*INFORMATION SUPPLIED*
=====

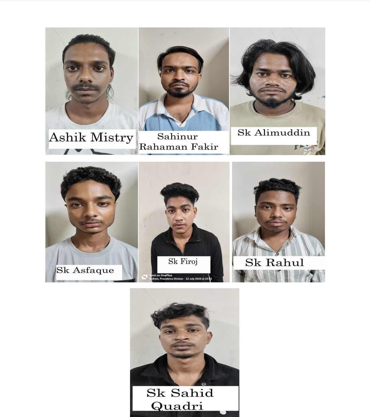 जांच के दौरान, उनके बयानों के अनुसार, तीन और आरोपी व्यक्ति एस.के. साहिद कादरी (20), एस.के. अलीमुद्दीन (21) और एस.के. फिरोज (20), को गिरफ्तार किया गया।
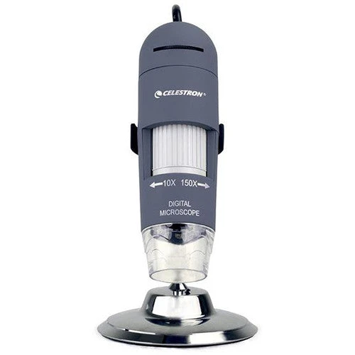 Explore the microverse with the Celestron 44302-C Deluxe Handheld Digital Microscope . This compact and lightweight handheld magnification tool can also be placed on the included metal stand and be configured to point in any desired direction. The permanently attached USB 2.0 cable connects it to your PC or Mac so you, your kids, or your students can use this handy microscope for a wide variety of home, laboratory, or field observations�including capturing hi-res still images and video from biological specimens, electronic devices, and precious materials and stones. The optical system features a 2.0MP imaging sensor and an eight-LED illumination ring, a 10-200x magnification range, and a coarse focusing ring. The polycarbonate body is compact, lightweight, and ergonomic. It features a transparent polymer bezel to protect the lens and the LEDs from dust and damage and a push summary on the tailcap to capture data. Also included in the package is a CD with software.
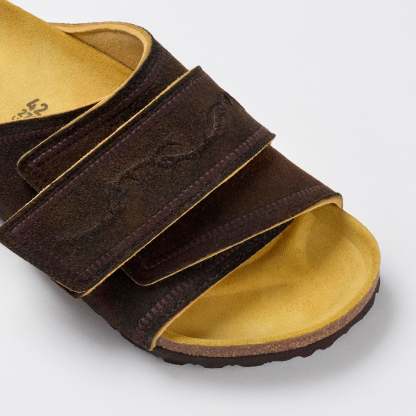 The leather has been tanned at the historic Kolesch tannery, established in 1723 using traditional artisanal methods that involve only salt and water, ensuring a natural finish. The hook-and-loop straps are adorned with embossed details inspired by Lederhosen and hunting motifs, adding a touch of heritage to this exclusive design. The cork midsole has been harvested from a 250-year-old Cork Oak as part of a global limited-edition release where only 250 pairs were made.

=====

*EXERCISE INSTRUCTIONS*
Print out the complete listing above exactly, dropping each image.

*OUTPUT FOR THIS EXERCISE*
 जांच के दौरान, उनके बयानों के अनुसार, तीन और आरोपी व्यक्ति एस.के. साहिद कादरी (20), एस.के. अलीमुद्दीन (21) और एस.के. फिरोज (20), को गिरफ्तार किया गया।
 Explore the microverse with the Celestron 44302-C Deluxe Handheld Digital Microscope . This compact and lightweight handheld magnification tool can also be placed on the included metal stand and be configured to point in any desired direction. The permanently attached USB 2.0 cable connects it to your PC or Mac so you, your kids, or your students can use this handy microscope for a wide variety of home, laboratory, or field observations�including capturing hi-res still images and video from biological specimens, electronic devices, and precious materials and stones. The optical system features a 2.0MP imaging sensor and an eight-LED illumination ring, a 10-200x magnification range, and a coarse focusing ring. The polycarbonate body is compact, lightweight, and ergonomic. It features a transparent polymer bezel to protect the lens and the LEDs from dust and damage and a push summary on the tailcap to capture data. Also included in the package is a CD with software.
 The leather has been tanned at the historic Kolesch tannery, established in 1723 using traditional artisanal methods that involve only salt and water, ensuring a natural finish. The hook-and-loop straps are adorned with embossed details inspired by Lederhosen and hunting motifs, adding a touch of heritage to this exclusive design. The cork midsole has been harvested from a 250-year-old Cork Oak as part of a global limited-edition release where only 250 pairs were made.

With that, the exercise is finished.